- WHAT NEEDS TO BE DONE -
Repeat the listing verbatim. Drop any pictures.

- DATA EXCERPT -
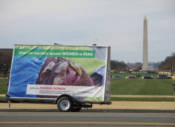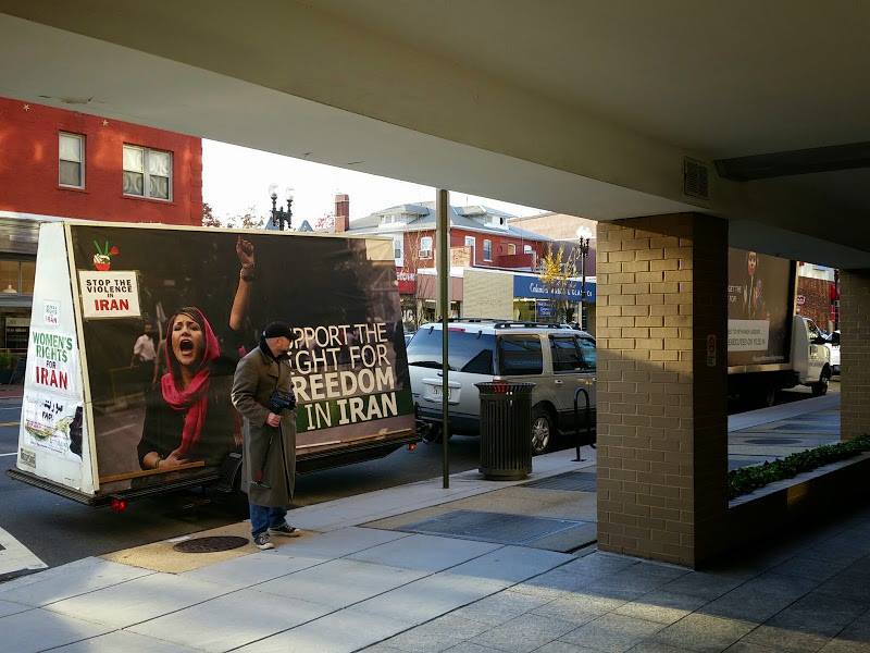بر روی بیلبردهای متحرکی که در خیابانهای پر رفت و آمد و از مقابل ساختمانهای مهم شهر واشينگتن همچون ساختمان کنگره و کاخ سفید و نیز دفتر حافظ منافع رژيم آخوندها در امریکا چرخانده شدند، نوشته شده بود: «خشونت علیه زنان در ایران را متوقف کنید.»
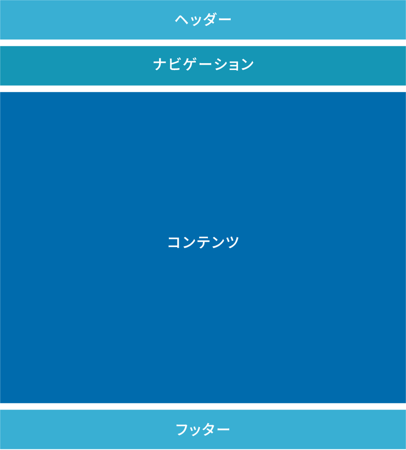 シングルカラムレイアウトとも呼ばれ、コンテンツを縦に配置していくレイアウトです。現在は1カラムレイアウトがトレンドで、多くのホームページで使用されている構成です。
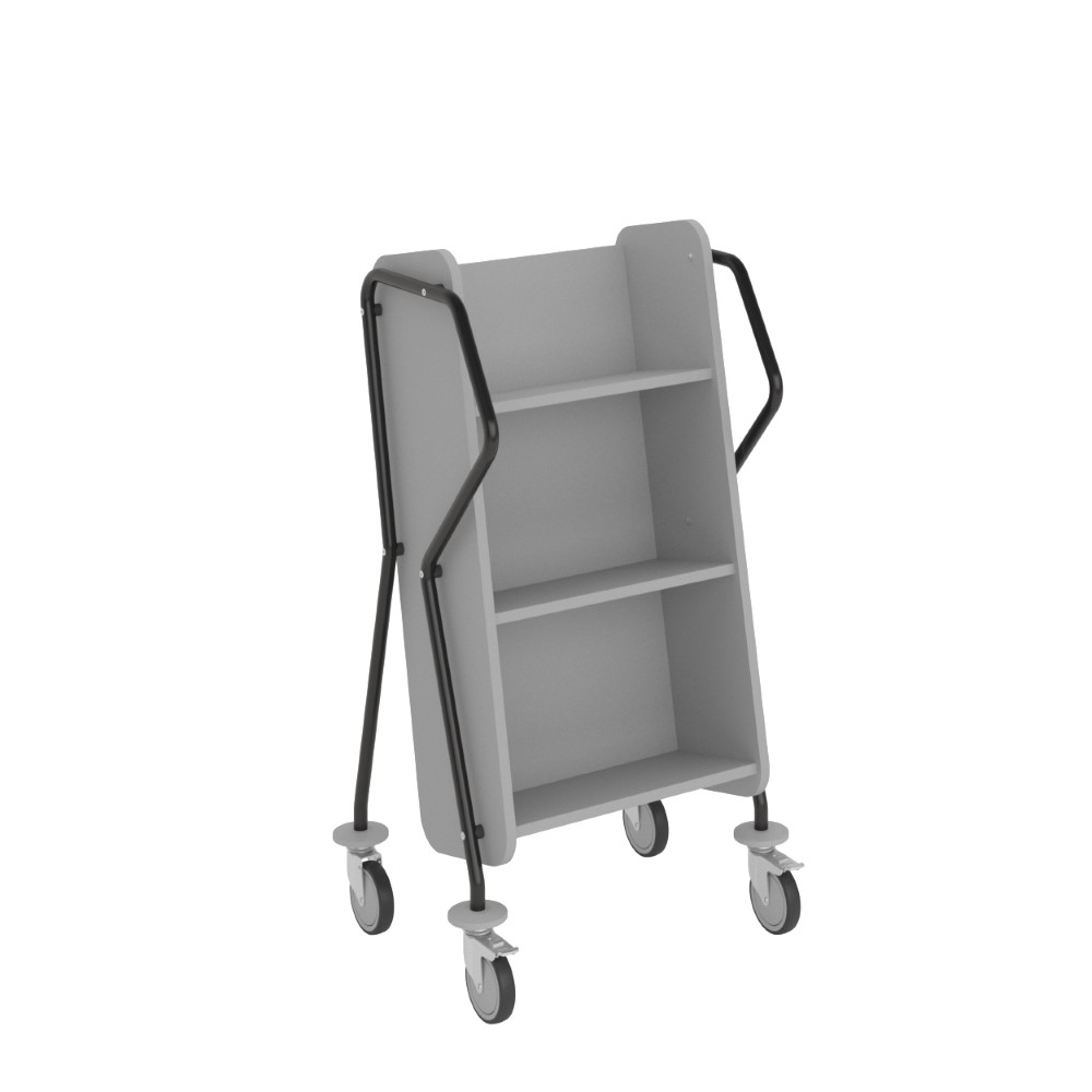 Chariot à 3 étagères fixes généreusement espacées et facilement inclinables. Convient aussi pour les classeurs.

- ANSWER SPACE -
بر روی بیلبردهای متحرکی که در خیابانهای پر رفت و آمد و از مقابل ساختمانهای مهم شهر واشينگتن همچون ساختمان کنگره و کاخ سفید و نیز دفتر حافظ منافع رژيم آخوندها در امریکا چرخانده شدند، نوشته شده بود: «خشونت علیه زنان در ایران را متوقف کنید.»
 シングルカラムレイアウトとも呼ばれ、コンテンツを縦に配置していくレイアウトです。現在は1カラムレイアウトがトレンドで、多くのホームページで使用されている構成です。
 Chariot à 3 étagères fixes généreusement espacées et facilement inclinables. Convient aussi pour les classeurs.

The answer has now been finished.